Semanas enteras habían pasado. Habían pasado también los meses. Todo había transcurrido con ese amargo sabor que le implanta descaradamente la rutina al ya cruel encierro. Todo había seguido su rumbo. Sinuosos caminos de comportamientos humanos entrelazados entre sí. Las peleas, las uniones, los amiguismos, las guerras, las penas, las tristezas, los encuentros sexuales. Todo continuaba pero era Diosito el que no había podido continuar.

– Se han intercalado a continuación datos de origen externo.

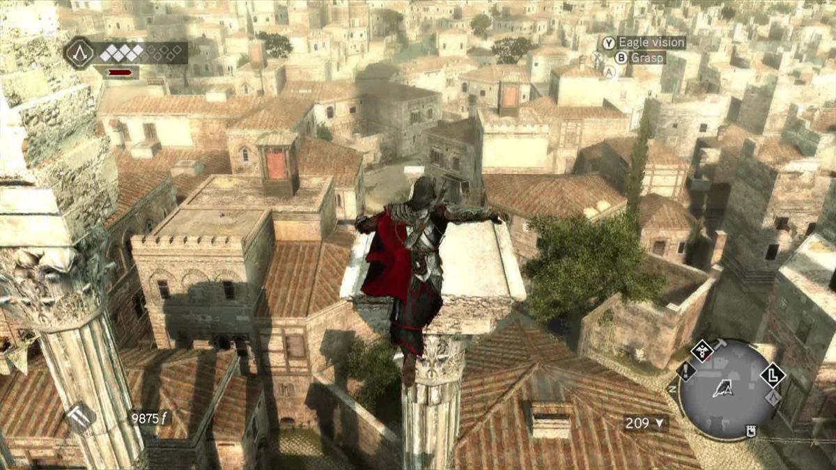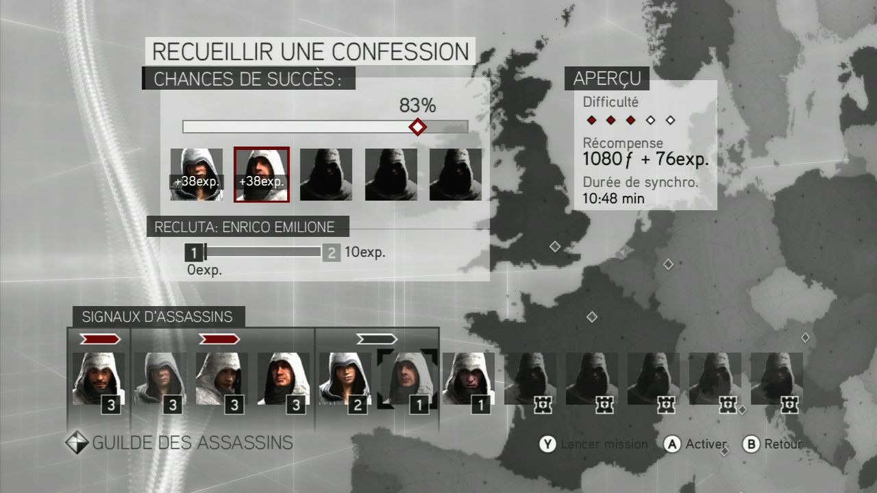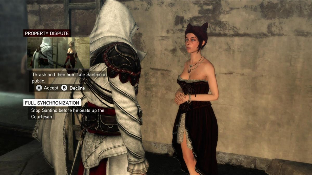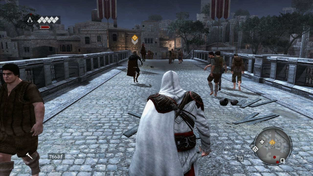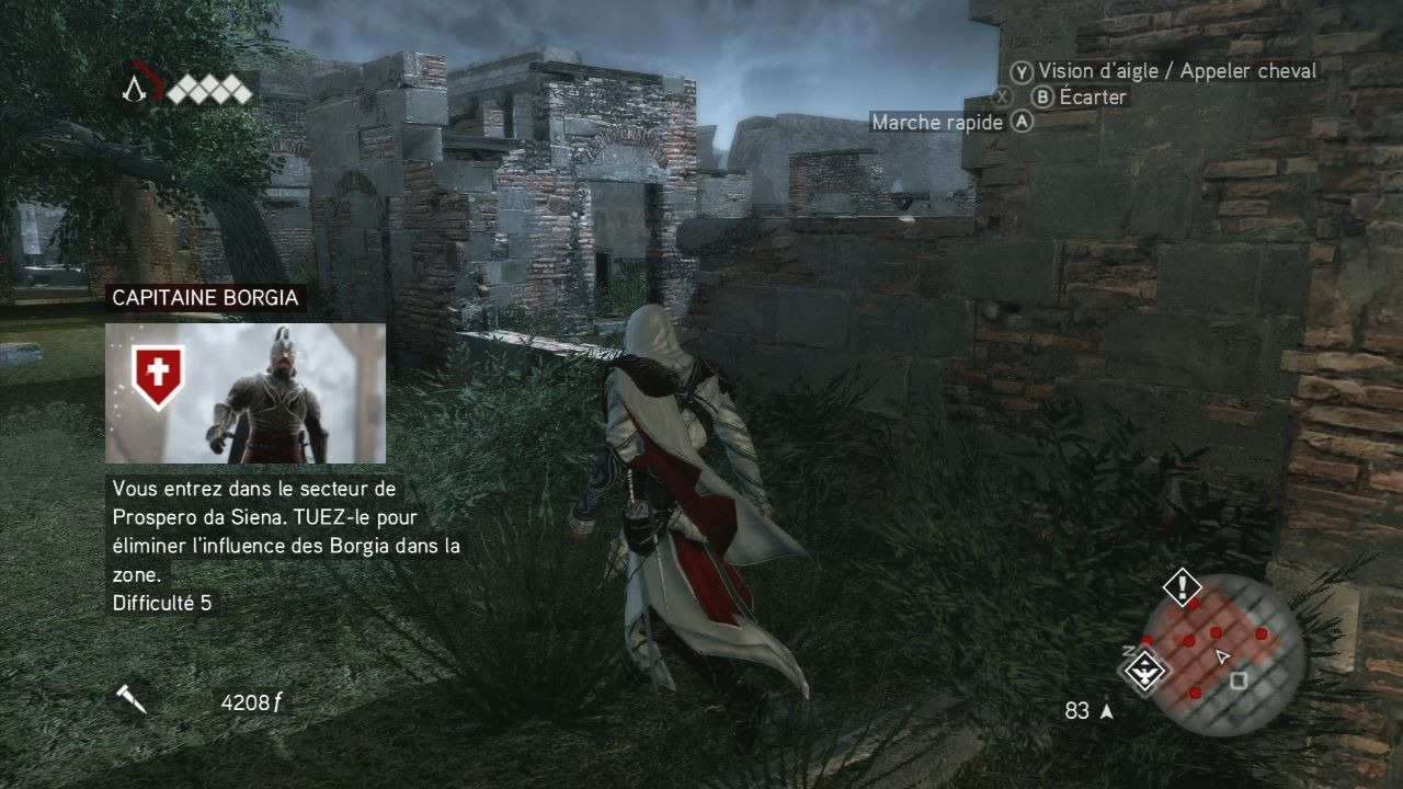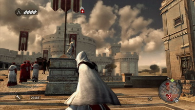 Le jeu est très beau et la bande-son est magnifiquenouveauté, si on peut traduire "brotherhood" par "confrérie", c'est parce qu'Ezio ne libérera pas Rome et l'Europe tout seul. En effet, il formera jusqu'à 10 nouveaux assassins qu'il devra d'abord libérer, puis entrainer pour enfin les envoyer sur des missions bien spécifiques à travers tout le continent, de la Russie jusqu'à la Grande-Bretagne. Ces mêmes assassins, en tant que bons soldats, pourront ensuite nous prêter main-forte si jamais on en a besoin (évidemment, plus leur rang est élevé, plus ils sont forts et moins prompt à se faire tuer au moindre coup reçu). Ce dernier aspect du jeu est assez facultatif, pas vraiment hors de propos non plus mais finalement assez dispensable pour celui/celle qui ne veut pas s'y investir. Mais ce serait une erreur car ces assassins peuvent rendre de grands services.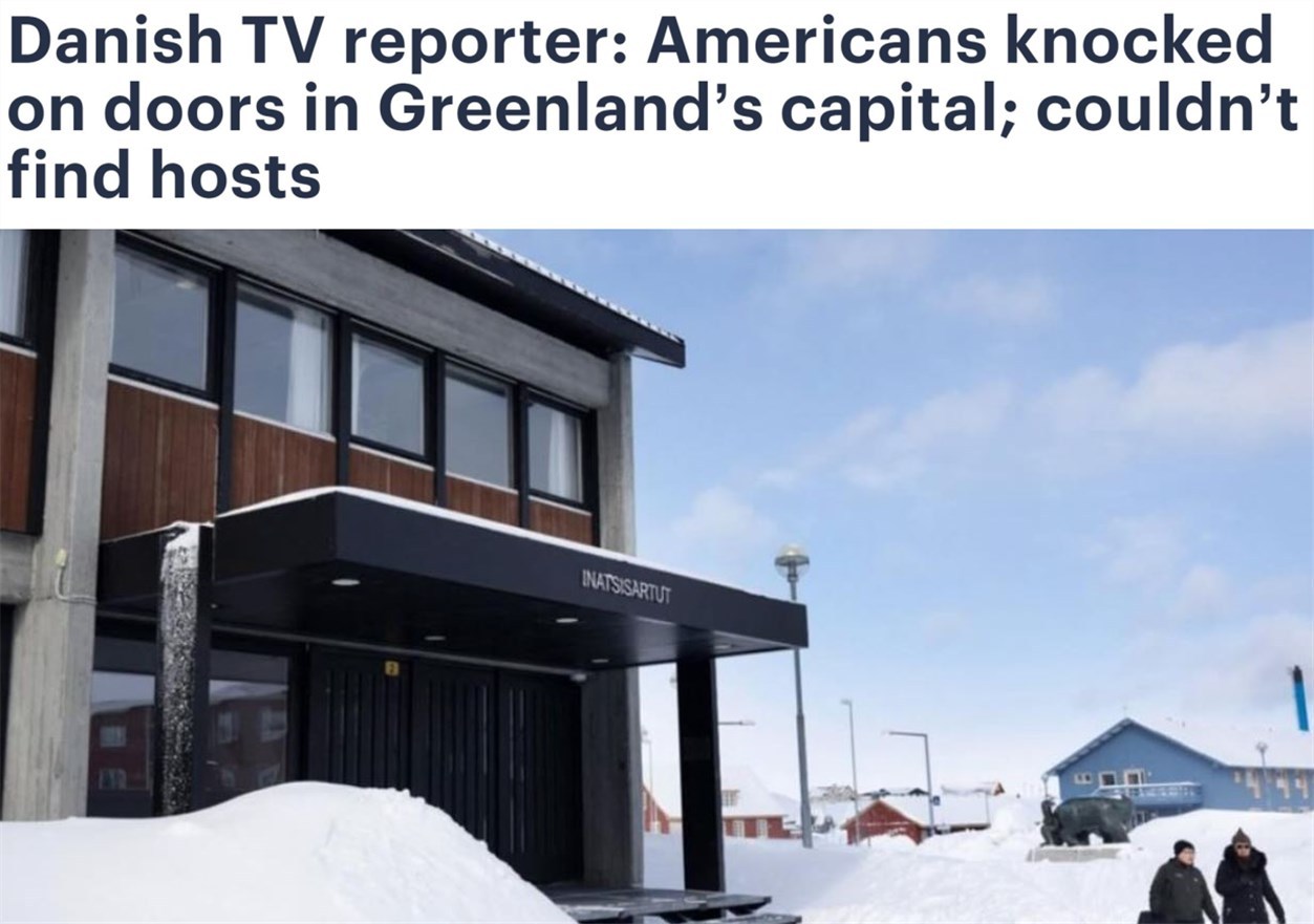 據(jù)丹麥電視二臺記者賈斯珀·斯坦梅茨在節(jié)目中披露,萬斯率領的代表團出發(fā)之前,美國政府已秘密派人到格陵蘭島相關地區(qū)“做工作”,希望當?shù)孛癖姎g迎萬斯一行,但卻碰了一鼻子灰。

Su miedo lo hizo estallar una tarde de Septiembre.

Aquella conversación había germinado en él una psicosis espantosa.

-Marito, tengo que hablar con vos, e' urgente. Es sobre Moco. Creo que tamos contagiados.

-¿Qué te pasa? Aflojale un poco al talco.

-No, es de verdad Marito, ya no puedo más. El pendejo tiene Sida, me lo dijo Pardo, que al pibe le queda poco, que no se imagina la vida sin él. Por eso quiere que la pase bien entendés? -Lloraba. Lloraba con una desesperación incontrolada.

-Cáncer tiene, pelotudo. Cáncer no Sida. ¿Y vos qué? ¿Qué te preocupa? ¿Te encamaste con él? ...Ahhhh... ¡¡¡Ah!!! ¡Sos un reverendo pelotudo! Ah... Encima... Te cagaste enamorando...

Mientras Diosito lloraba casi sin consuelo a Marito se le pasaba un poco el enojo y se fundían en un abrazo.
 

Marito le recordó a su hermano sobre los controles permanentes de infecciones dentro del penal. Le recordó del uso obligado de profilácticos (pocos lo cumplían) y le terminó, en el devenir de la charla sincericida, pidiendo explicaciones sobre el foso.

Después lo cagó a pedos por todas sus enormes cagadas pero no tanto; lo amaba. Ese chico era todo para él. ¿Cómo iba a cagarlo a pedos mientras su cuerpo y corazón se deshacía en lágrimas? Si ese pibe era todo... Valía más que su propia vida.